Magazine article The New Yorker

Everything but the Tour

Article excerpt

The widely reported demise of the music business isn't necessarily going to be bad for music. The forty-seven-year-old British singer Tracey Thorn, who has removed herself from a race she once ran--and ran well--has added a fantastic album, "Love and Its Opposite," to her solo catalogue. Both the album's themes and how it was made suggest a model that may become increasingly popular: the semi-professional musician. Making music as a pastime has appealed to talents as diverse as the modernist composer Charles Ives and the post-punk engineer and guitarist Steve Albini. If hits are to be had by only the very few, perhaps more musicians will feel free to stop worrying about making them.

Thorn will not tour for "Love and Its Opposite," and she didn't tour for "Out of the Woods" (2007), her second solo release. (Her first was a 1982 EP called "A Distant Shore.") With the collapse of album sales, touring is one of the few dependable sources of income for artists; Thorn's decision not to do it suggests that she is taking a hobbyist's approach. "I just want to make it and then get back to my other life," she told me.

Thorn is best known as the singer of Everything But the Girl, a duo she has maintained with her husband, Ben Watt, since 1982. Though the couple is still together, the band hasn't released an album since 1999, which she attributes largely to the demands of raising three children in London.

Thorn sings without excessive affect, and has resonance throughout the range of her contralto voice. Her combination of sturdy texture and lack of dramatic flair enables her to sell a lyric in a number of styles. But Everything But the Girl presented Thorn in a variety of soigne settings that often sounded like the soundtrack to a party you couldn't possibly get into. At first, the duo worked with a melange of Latin music and mid-fifties cool jazz. I fell for one of their earliest songs, "Each and Everyone," from 1984's "Eden." The track feels like a modified bossa nova, though the band has a distinctly American-sounding horn section. In the lyrics, Thorn dismisses an unfaithful lover, singing as if she is anything but bothered: "You tell me I'm free of the past now and all those lies / then offer me the same thing in a different guise." I was drawn in by the tone--these were suave types, not easily bruised or wound up. As a teen-ager, I didn't know the Brazilian and American records being pilfered, and it hardly mattered: sophistication is a performance that isn't ever precisely real or fake. But the act can grow a little tired when it's mostly on the surface.

In the nineties, Everything But the Girl moved toward the tougher and more democratic sound of house music.
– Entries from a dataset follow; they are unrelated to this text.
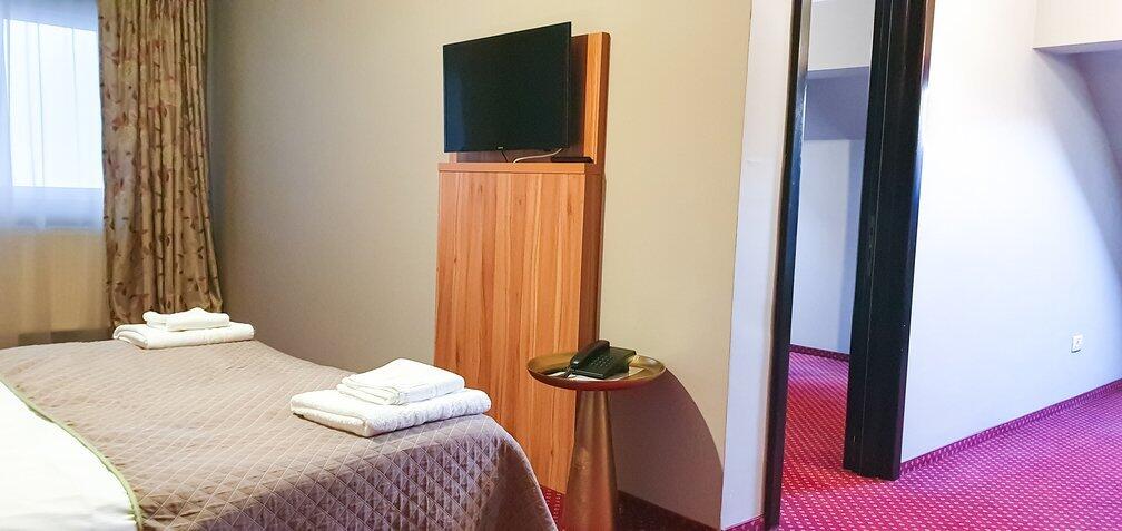 Camerele triple sunt perfect amenajate pentru grupuri mici sau familii, oferind un spatiu primitor pentru pana la 3 persoane. Decorata cu grija, aceasta camera dispune de trei paturi confortabile, creand un cadru relaxant pentru un sejur linistit. Facilitati precum aer conditionat, TV LCD cu televiziune prin cablu, Wi-Fi gratuit, minibar si dulap sunt incluse pentru confortul oaspetilor. Baia moderna ofera produse de igiena, halate si papuci, in linie cu standardele unui hotel de 3 margarete. Oaspetii beneficiaza de servicii similare cu cele oferite intr-un hotel, inclusiv curatenie zilnica si posibilitatea de a solicita facilitati suplimentare. Atmosfera placuta si atentia la detalii fac din aceasta camera tripla o alegere excelenta pentru o vacanta relaxanta intr-un cadru natural deosebit.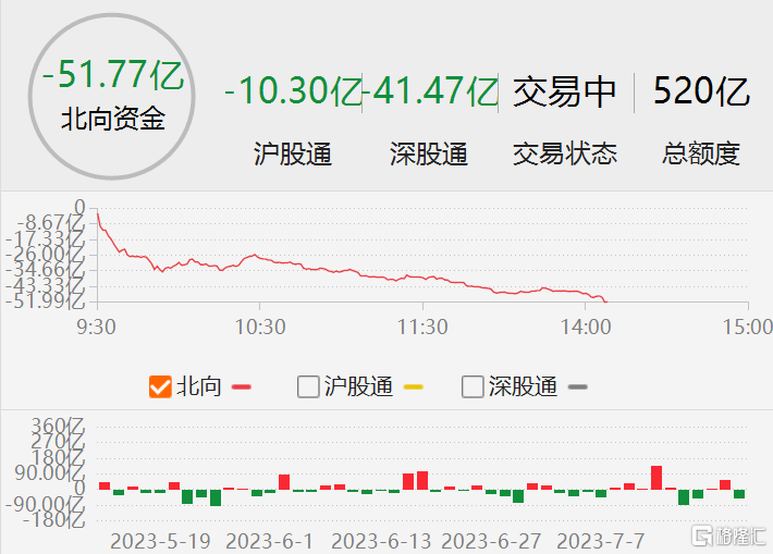 格隆汇7月24日丨北上资金净卖出A股超50亿元。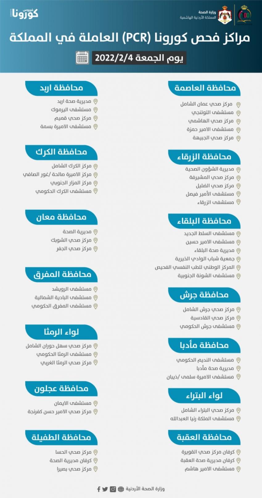 اعلنت وزارة الصحة قائمة اسماء مراكز فحص كورونا (PCR) العاملة يوم الجمعة 2022/2/4 في المملكة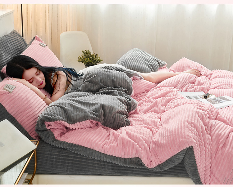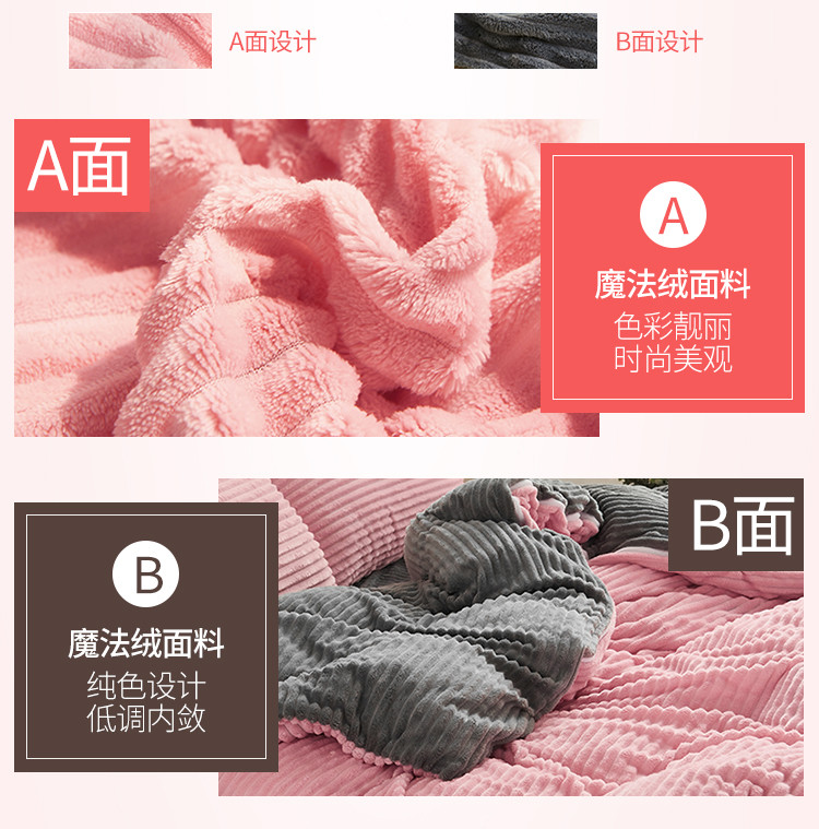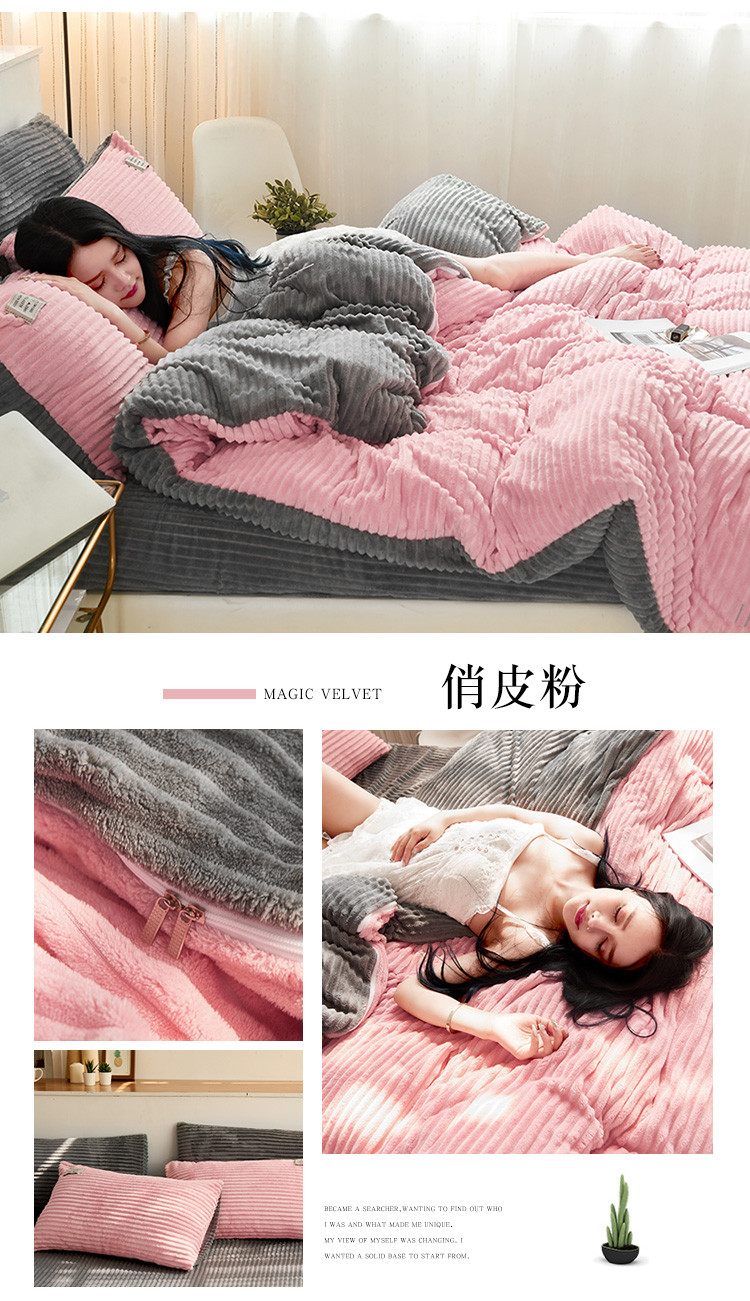 懒猫家纺 2020新款法莱绒水晶绒魔法绒四件套 俏皮粉

Their 1994 single "Missing" is an elemental song that uses clear language to elaborate on one of pop's key phrases: "I miss you." Thorn's singing held firm to her simple formula--come across strong and calm, without regard to ideas such as "diva" or "soul." As remixed by Todd Terry, an experienced house-music producer, "Missing" became a huge hit, reaching No. 2 on the Billboard Hot 100 chart. That same year, Thorn collaborated with Massive Attack on a song called "Protection," which articulated Thorn's dependable side, making concrete what had always seemed to be there: her lyrics are about protecting others, which is usually more the province of parents than pop singers. A girl is doing herself "damage" and a young couple has a baby--Thorn rounds them all up and takes care of them in one phrase: "I stand in front of you, I'll take the force of the blow / protection. …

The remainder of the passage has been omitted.